*** Task data Section Begins ***
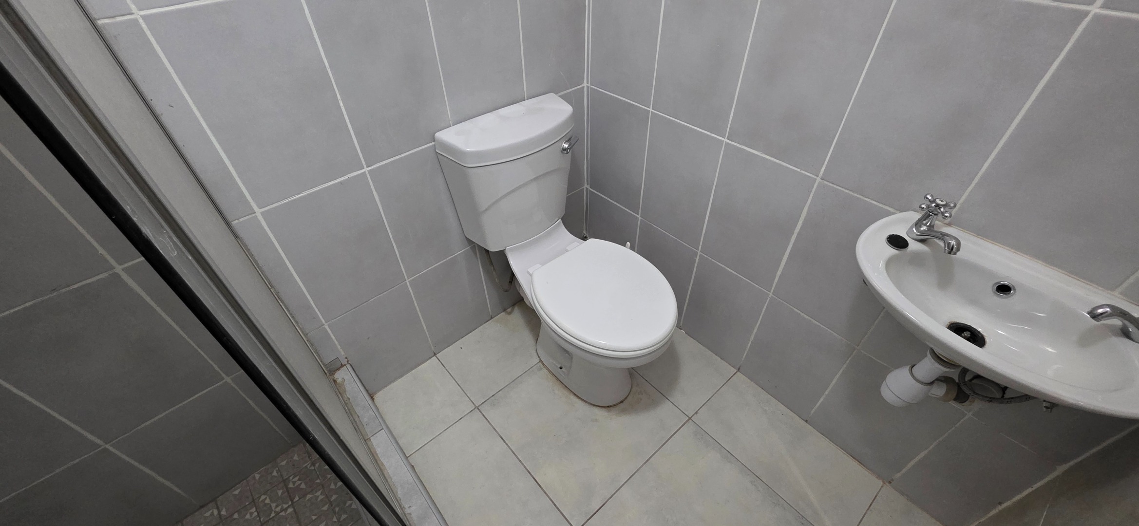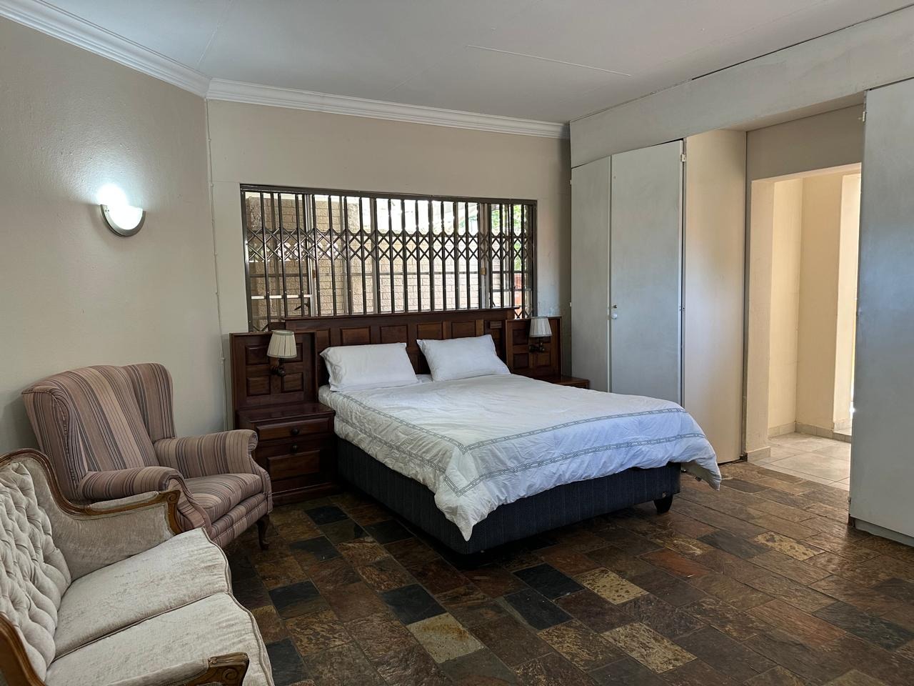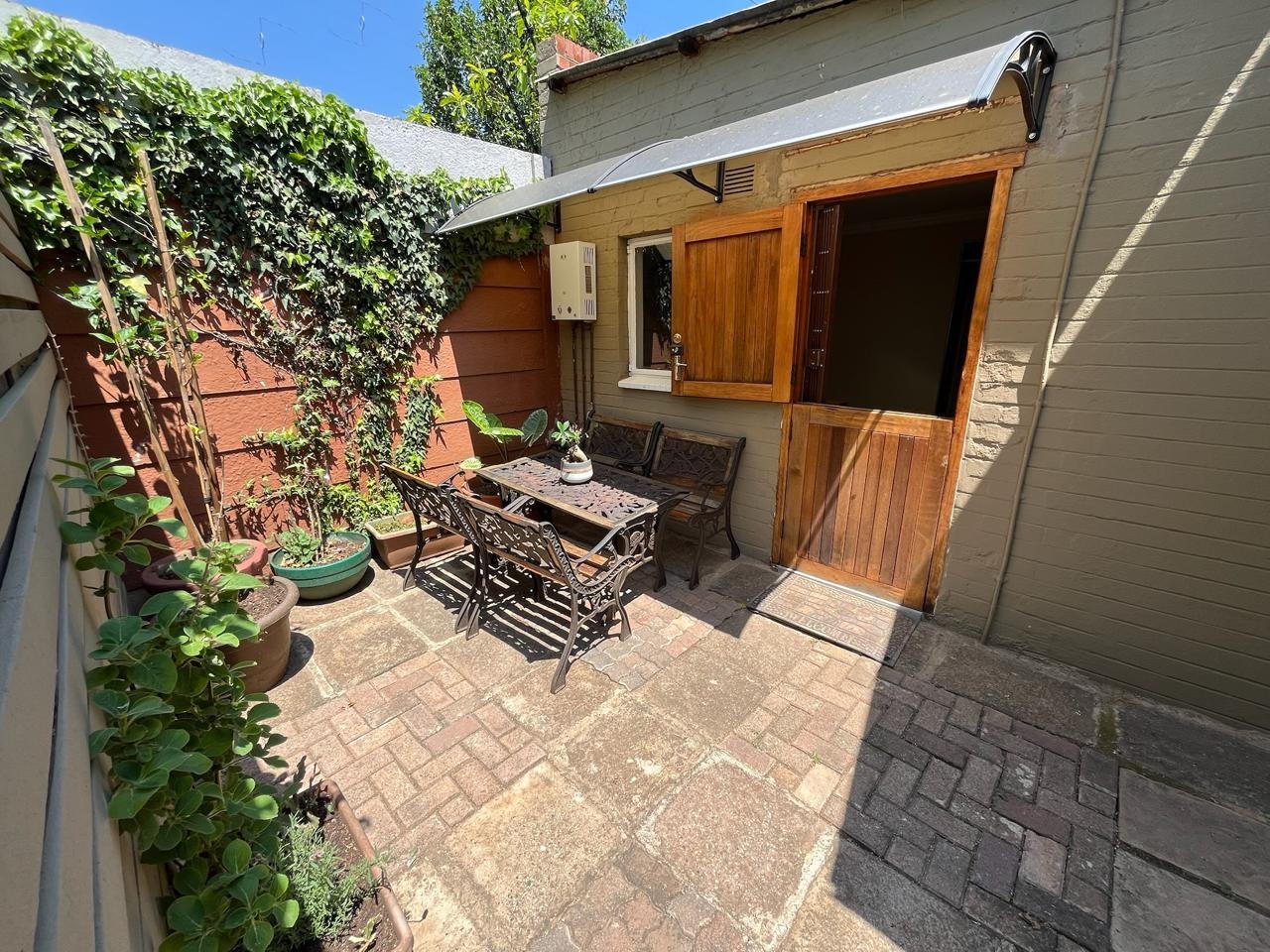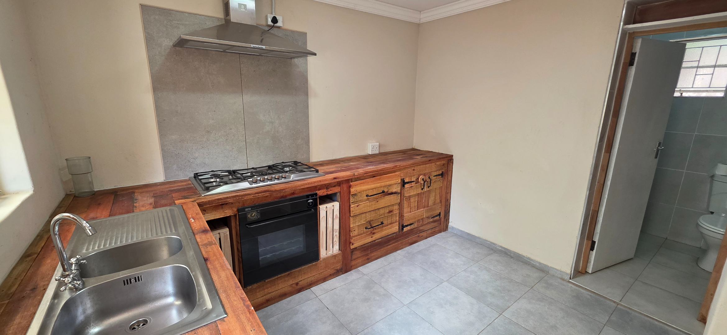The spacious bedroom suite offers built-in cupboards, soft lighting, and timeless vintage seating. The neat bathroom includes a shower, basin, and toilet in modern neutral tones. A single lock-up garage provides secure parking, with a private side entrance ensuring total independence.
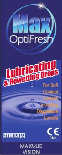 Max OptiFresh забезпечує тривалий комфорт і миттєве полегшення для втомлених і сухих очей. Зволожуючі краплі для очей Нові краплі Max OptiFresh призначені для користувачів усіх типів м'яких контактних лінз. Спеціальна формула на основі гіалуронату натрію (та сама речовина, що і в Aqify Ciba Vision) зменшує сухість і подразнення очей, викликані пилом, забрудненням повітря або втомою, покращуючи комфорт носіння контактних лінз протягом дня. Краплі полегшують симптоми сухості очей, пов’язані з перебуванням у місцях з опаленням або кондиціонером.
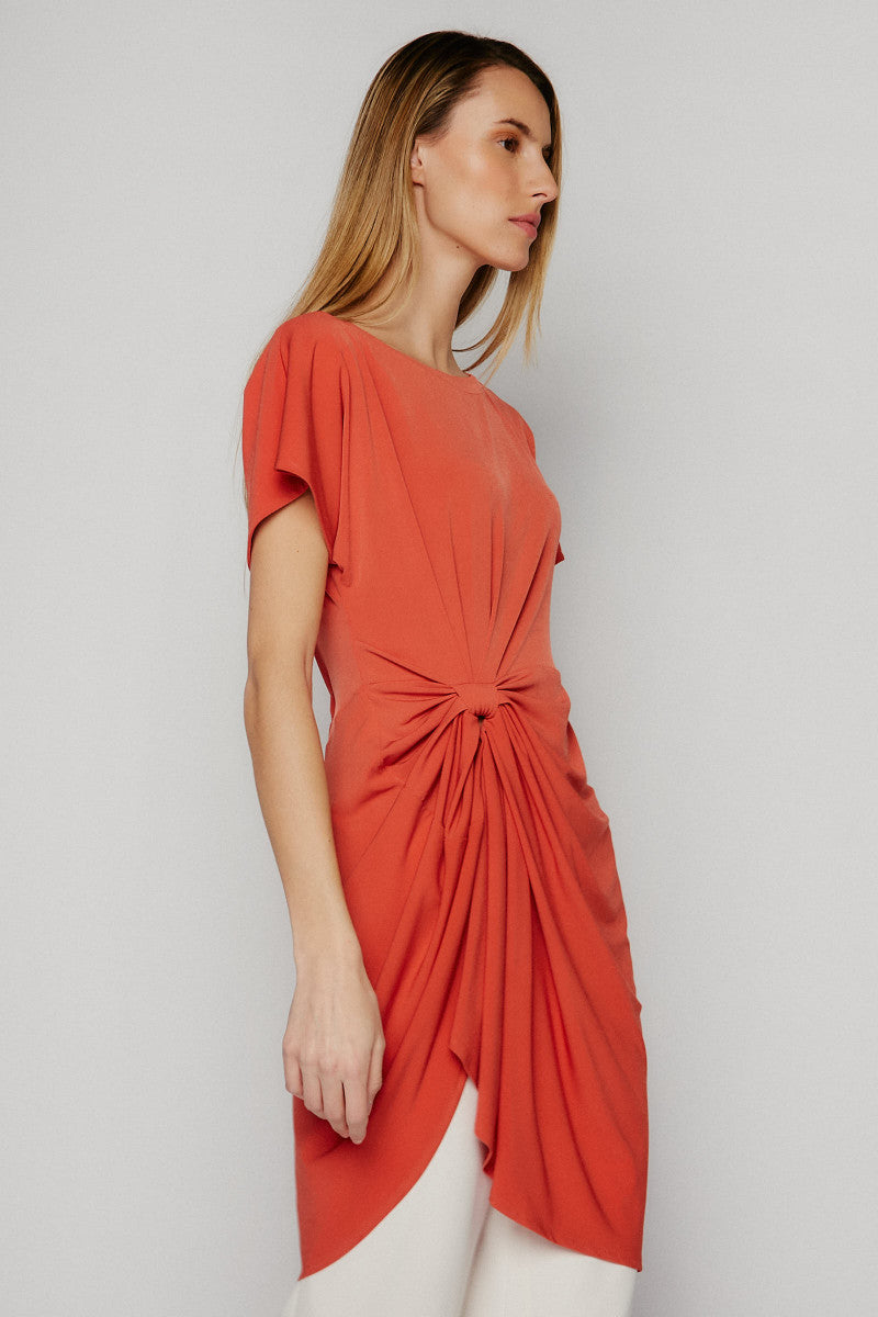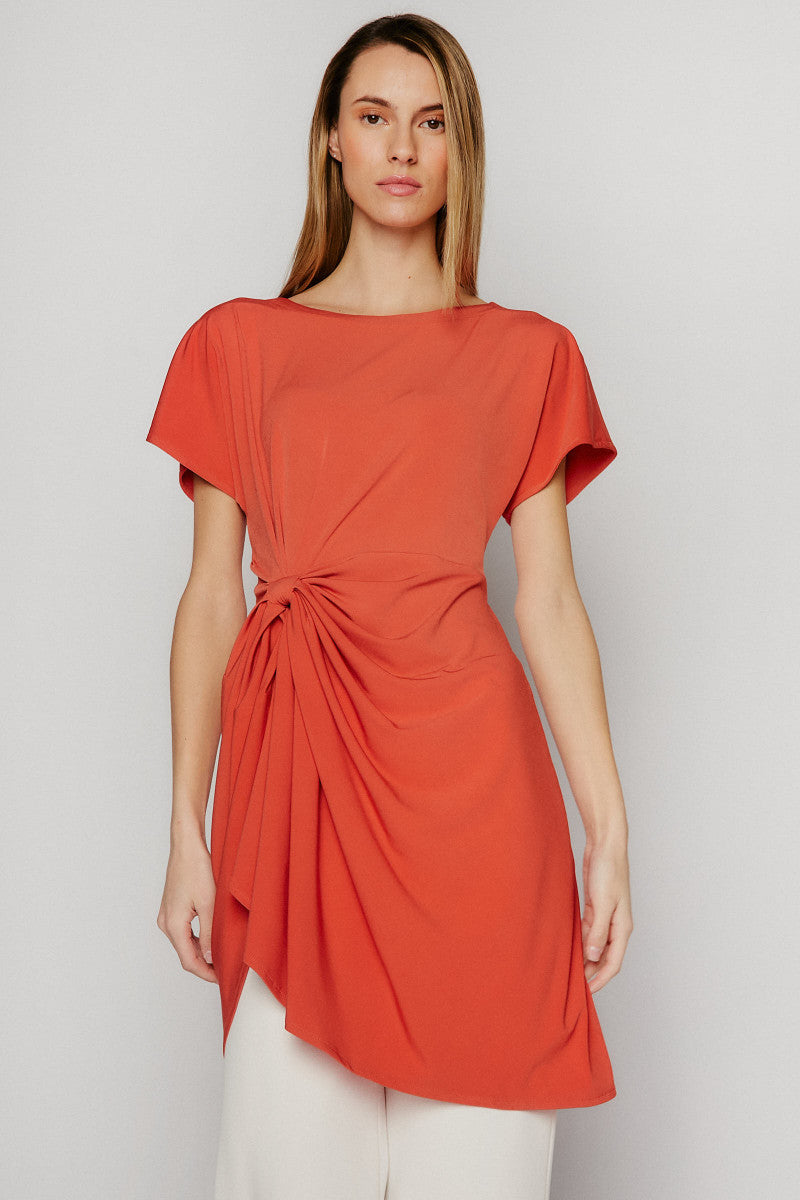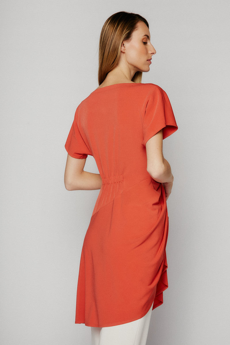 Discover the elegant and flattering Isabel de Rivera top. The gathered back accentuates your silhouette, while the front features a ruched detail on the side. Made with a slightly stretchy fabric for added comfort. Perfect for any occasion.
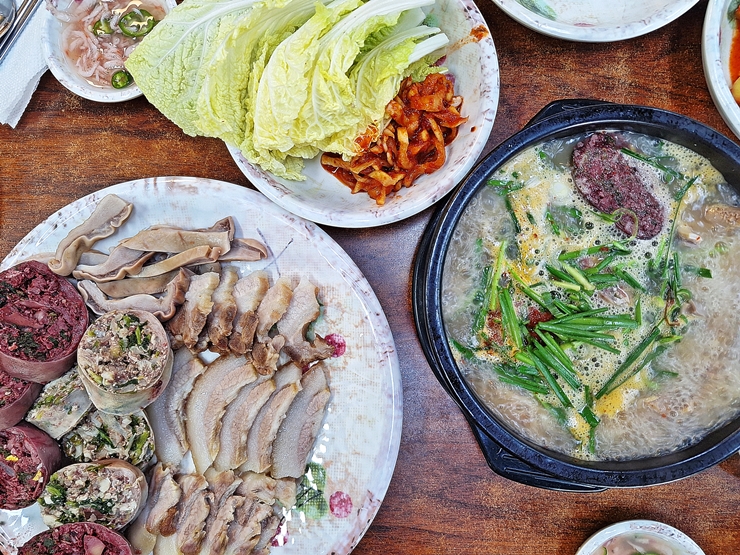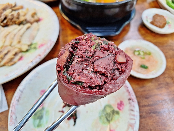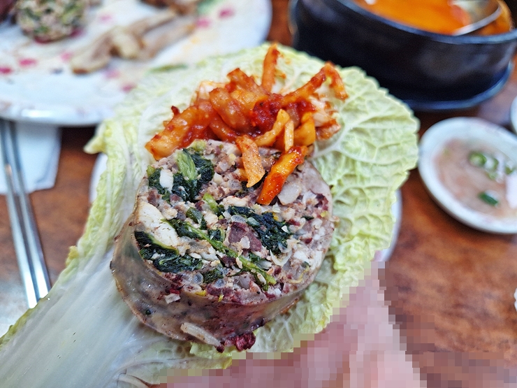 백순대도 양배추와 무생채 조합으로 먹었다. 백순대는 선지와 고기가 굉장히 소량 들어가고 숙주, 우거지와 각종 채소로 만들었다. 자칫 밋밋할 수 있는 맛을 선지와 고기로 보충했다. 백순대는 담백한 맛이 굉장히 인상적이었다. 오랜만에 수준 높은 순대와 부속 고기를 먹어 행복한 날이었다. 노원역, 상계역 근처에서 맛있는 전통 순대를 먹고 싶다면 꼭 한 번 가볼 것을 추천하는 곳이다.
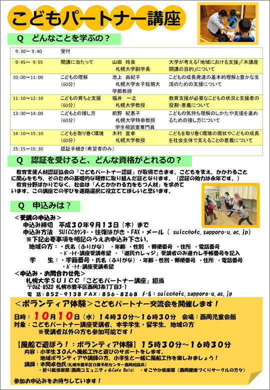 札幌大学 インターコミュニケーションセンター(SUICC)「こどもパートナー講座」担当
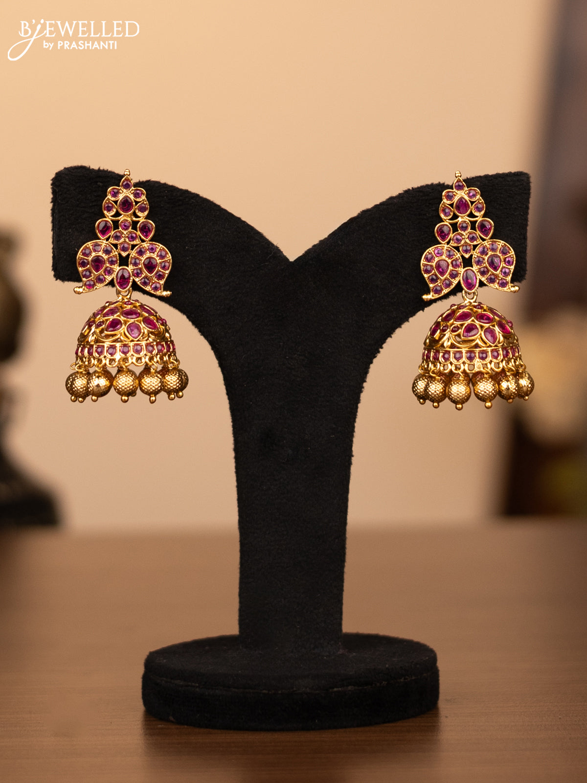 Antique necklace manga pattern with pink kemp stones and golden beads hanging
*** Task data Section Ends ***
**Problem details**
Give the entries back verbatim and omit the images.

**Response to the exercise**
The spacious bedroom suite offers built-in cupboards, soft lighting, and timeless vintage seating. The neat bathroom includes a shower, basin, and toilet in modern neutral tones. A single lock-up garage provides secure parking, with a private side entrance ensuring total independence.
 Max OptiFresh забезпечує тривалий комфорт і миттєве полегшення для втомлених і сухих очей. Зволожуючі краплі для очей Нові краплі Max OptiFresh призначені для користувачів усіх типів м'яких контактних лінз. Спеціальна формула на основі гіалуронату натрію (та сама речовина, що і в Aqify Ciba Vision) зменшує сухість і подразнення очей, викликані пилом, забрудненням повітря або втомою, покращуючи комфорт носіння контактних лінз протягом дня. Краплі полегшують симптоми сухості очей, пов’язані з перебуванням у місцях з опаленням або кондиціонером.
 Discover the elegant and flattering Isabel de Rivera top. The gathered back accentuates your silhouette, while the front features a ruched detail on the side. Made with a slightly stretchy fabric for added comfort. Perfect for any occasion.
 백순대도 양배추와 무생채 조합으로 먹었다. 백순대는 선지와 고기가 굉장히 소량 들어가고 숙주, 우거지와 각종 채소로 만들었다. 자칫 밋밋할 수 있는 맛을 선지와 고기로 보충했다. 백순대는 담백한 맛이 굉장히 인상적이었다. 오랜만에 수준 높은 순대와 부속 고기를 먹어 행복한 날이었다. 노원역, 상계역 근처에서 맛있는 전통 순대를 먹고 싶다면 꼭 한 번 가볼 것을 추천하는 곳이다.
 札幌大学 インターコミュニケーションセンター(SUICC)「こどもパートナー講座」担当
 Antique necklace manga pattern with pink kemp stones and golden beads hanging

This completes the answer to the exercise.